また、段ボール箱に保管する場合、段ボール箱の表面に品目を記載し、開封せずとも中に何が保管されているのか分かるようにしておくことも大切です。防災備蓄品の適切な保管方法については、「【企業担当者必見!】防災備蓄品の適切な保管場所と保管の注意点」もご参照ください。
【参考】
【関連コラム】企業における防災備蓄品‐必要量の目安と選定のポイントは?
【関連コラム】防災マニュアルはどのように作る?取り入れるべき内容や作り方のポイント
【関連コラム】BCPマニュアル作成のポイントは?マニュアルが必要な理由と活用方法も紹介
【関連コラム】ローリングストック法とは?企業が実施する際のポイントも解説
【関連コラム】非常食の賞味期限はどのくらい?企業での適切な管理方法も紹介
【関連コラム】【企業担当者必見!】防災備蓄品の適切な保管場所と保管の注意点
防災備蓄品管理の注意点
防災備蓄品の管理にあたって、注意しておくべき点を2つ紹介します。
▶使用期限・賞味期限を管理しやすくする
いざ必要なときに使用期限や賞味期限が切れていて、使えなければ意味がありません。段ボール箱の表面に品目とあわせて期限を明記し、ひと目で分かるように管理しておきましょう。

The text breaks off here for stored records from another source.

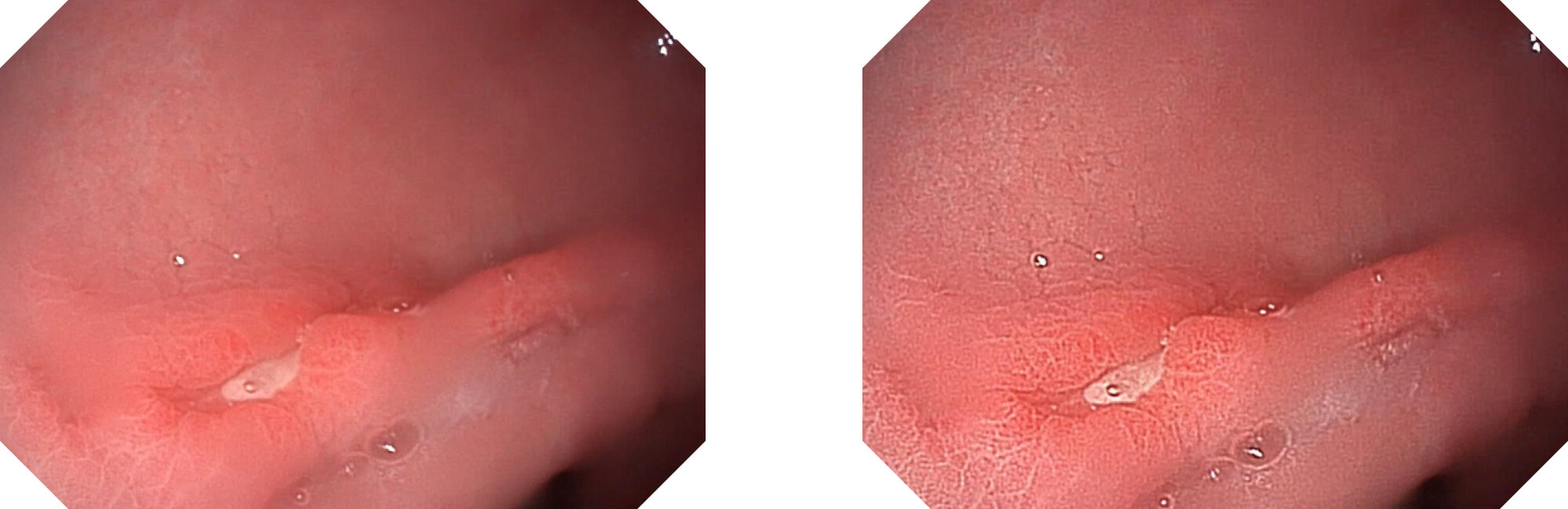 利用了血红蛋白在不同波长吸收下系数不同的原理,设计的一种光学域滤波和数字域滤波结合的染色技术,既保证了图像亮度,又可增强黏膜血管的对比度,充分凸显早期病变的细微结构变化,为临床疾病的观察诊断提供更丰富的参考信息。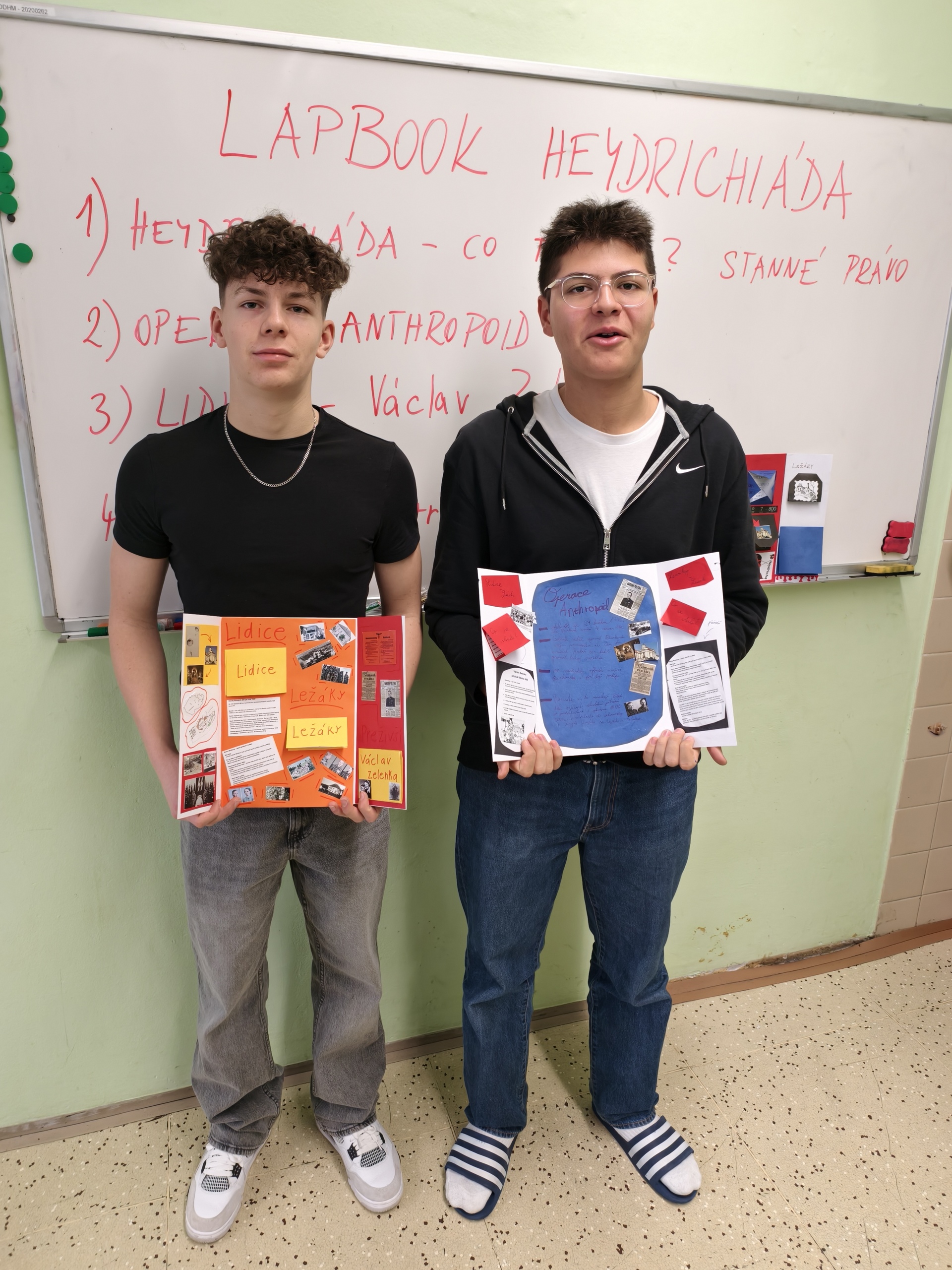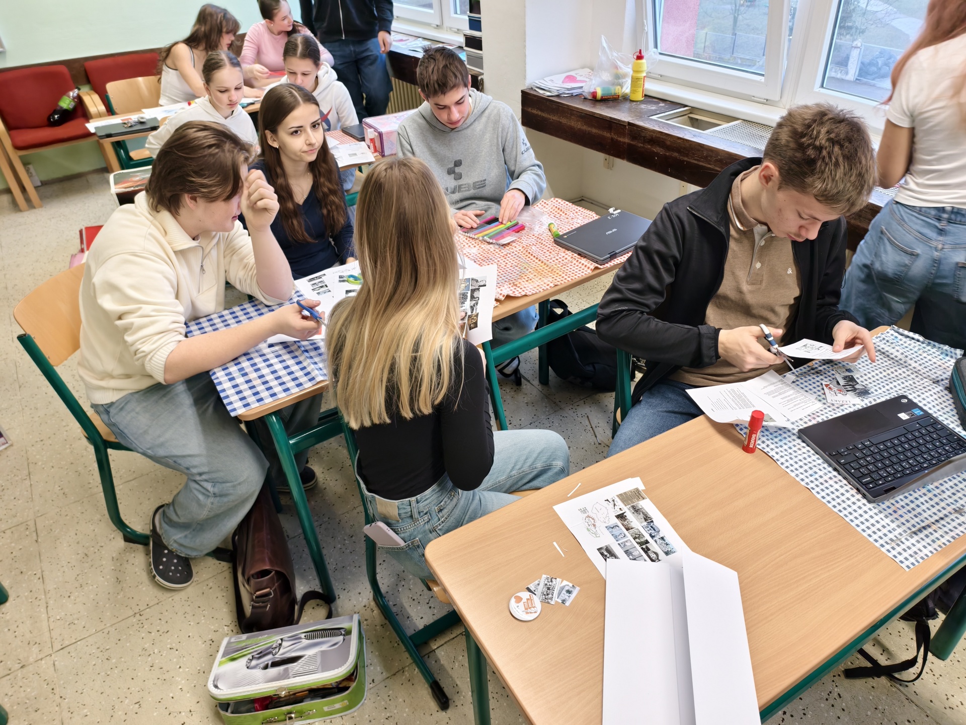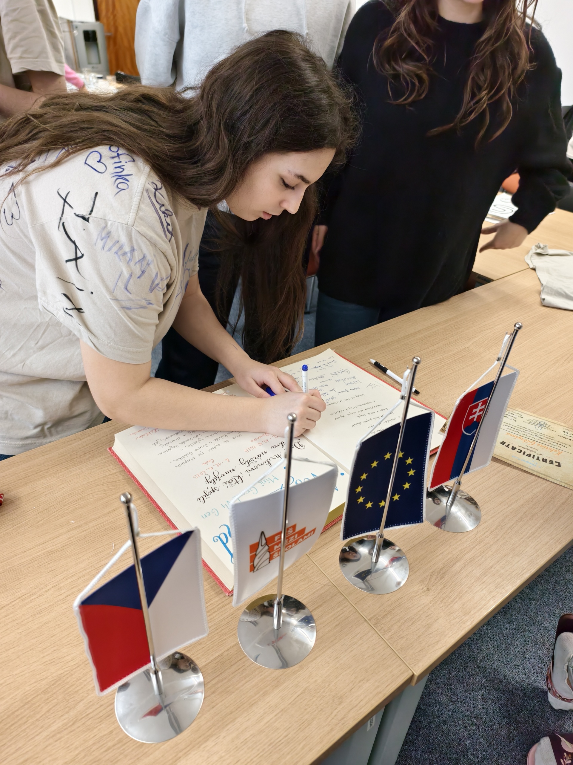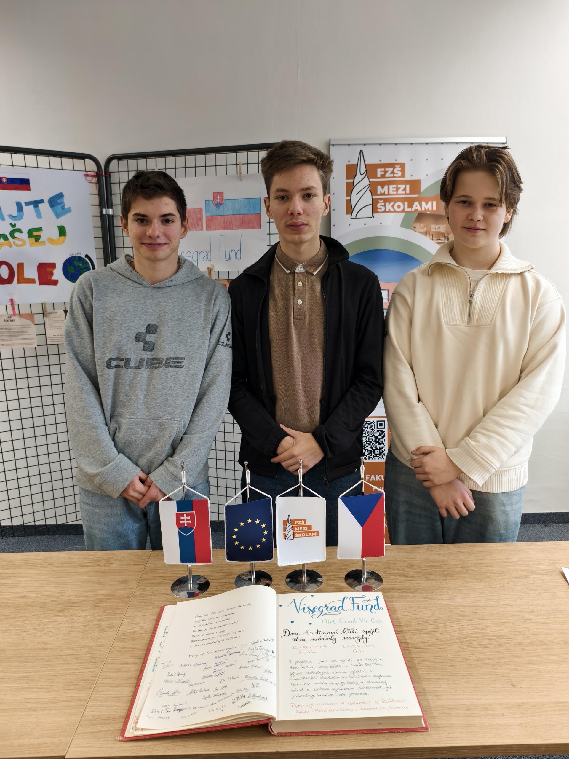 Poslední, pátý den projektu byl věnován společné práci, shrnutí získaných poznatků, vyhodnocení celého týdne, slavnostnímu zakončení i loučení. Den zahájila kreativní hodina dějepisu, během níž žáci aktivně využívali své dosavadní znalosti. V česko-slovenských dvojicích vytvářeli lapbooky, které originálním způsobem propojovaly historická fakta s kreativitou a týmovou spoluprací. Naplno se projevila jejich tvořivost i umělecké cítění, a že se lapbooky vydařily potvrzují i přiložené fotografie. Během přestávky si žáci pochutnali na koblihách. Poté následoval slavnostní závěrečný ceremoniál ve sborovně školy. Paní učitelky, které projekt vedly, shrnuly jeho průběh, poděkovaly partnerské škole za výbornou spolupráci a žákům za vzornou reprezentaci. Slovo si vzal také pan ředitel, který vyzdvihl význam spolupráce mezi českou a slovenskou partnerskou školou. Následovalo předávání certifikátů žákům i pedagogům. Nechyběly ani drobné dárky, za které patří velké poděkování našim sponzorům. Závěr projektu byl velmi emotivní – žáci si na památku podepisovali trička, při loučení byly i slzy. Projekt jim nepřinesl pouze nové znalosti z historie, ale především nová přátelství a pevné mezilidské vztahy, které jsou tou nejcennější hodnotou celé spolupráce. Společnou závěrečnou fotografií před školou jsme symbolicky uzavřeli visegrádský projekt a slovenské žáky poté čekala cesta domů.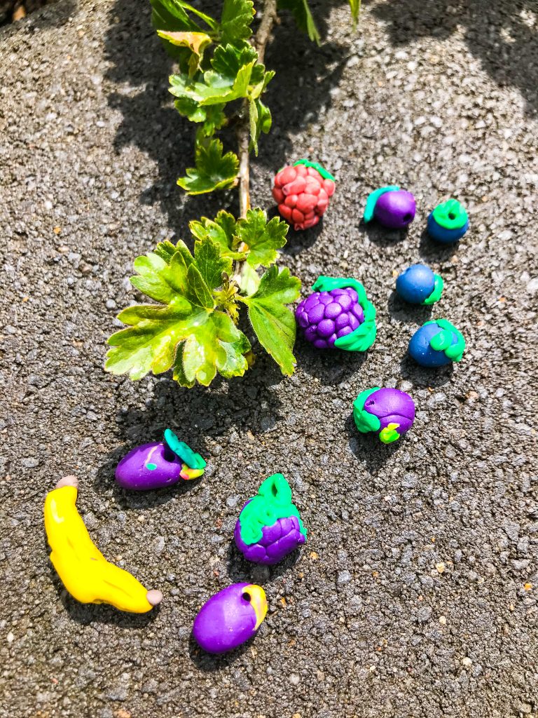 Gerade die Blaubeeren und Erdbeeren sind für kleine Kinder schon recht gut umsetzbar. Bei den Himbeeren und Brombeeren werden die kleinen Kügelchen auch schon einmal zu sehr zerdrückt. Aber auch die Banana aus Ton (siehe Bild).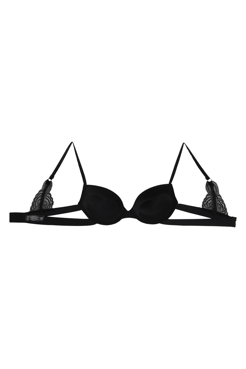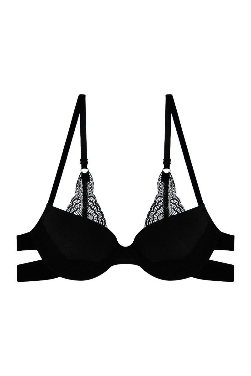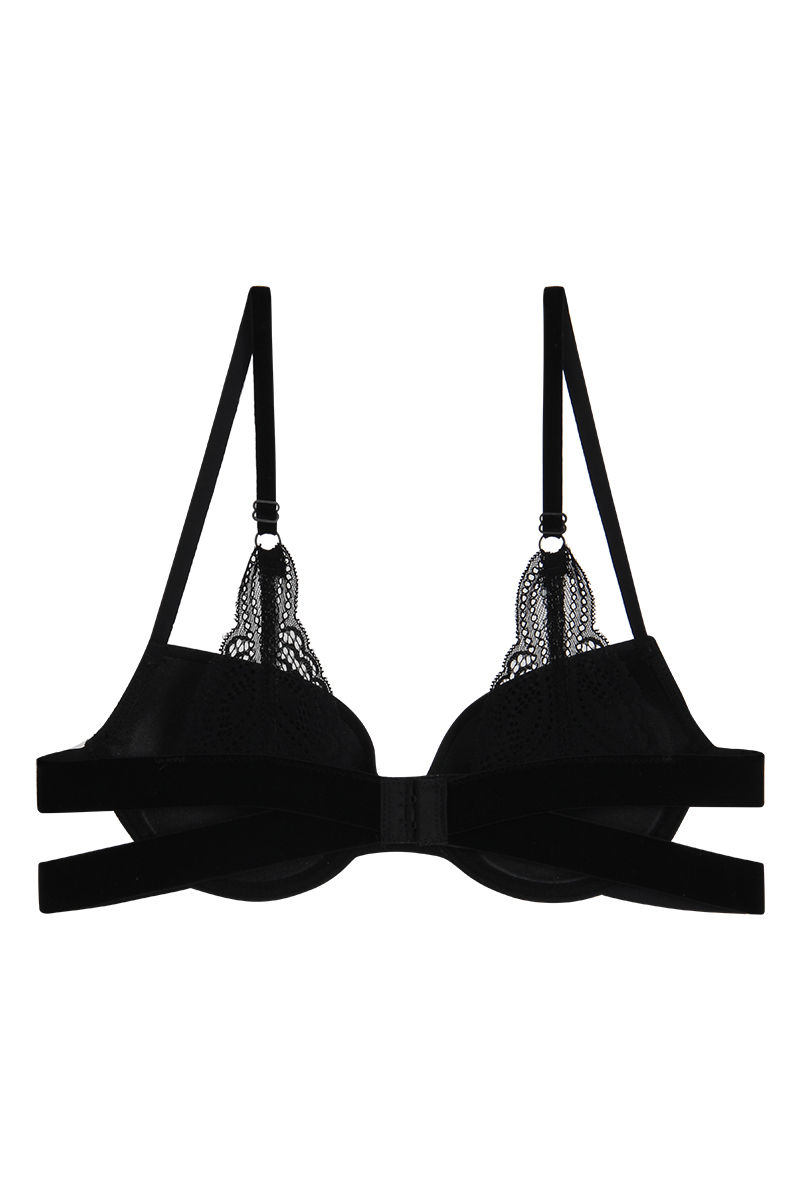 Zivame Anti Dig Lace Pushup Bra with Bikini Panty- Black

社員の人数が多く防災備蓄品の種類や量が多い場合や、支社や営業所といった複数拠点がある場合などは、防災備蓄品の品目や使用期限・賞味期限などについてまとめたリストを作成し、本社の担当部門が一元管理するのもよいでしょう。
▶保管場所の環境
高温多湿の場所では、防災備蓄品が劣化し使用できなくなることもあります。特に地下にある倉庫に保管する場合、湿度が高いことも多いため注意が必要です。
防災備蓄品の正しい管理は防災への第一歩
大規模災害が発生した際、救援物資が届くまでは自助に頼るほかありません。そのためにも、防災備蓄品を購入して終わりにするのではなく、使用期限の管理や保管場所の確認、万が一のときのための社員への情報共有など、日頃からの管理が重要となります。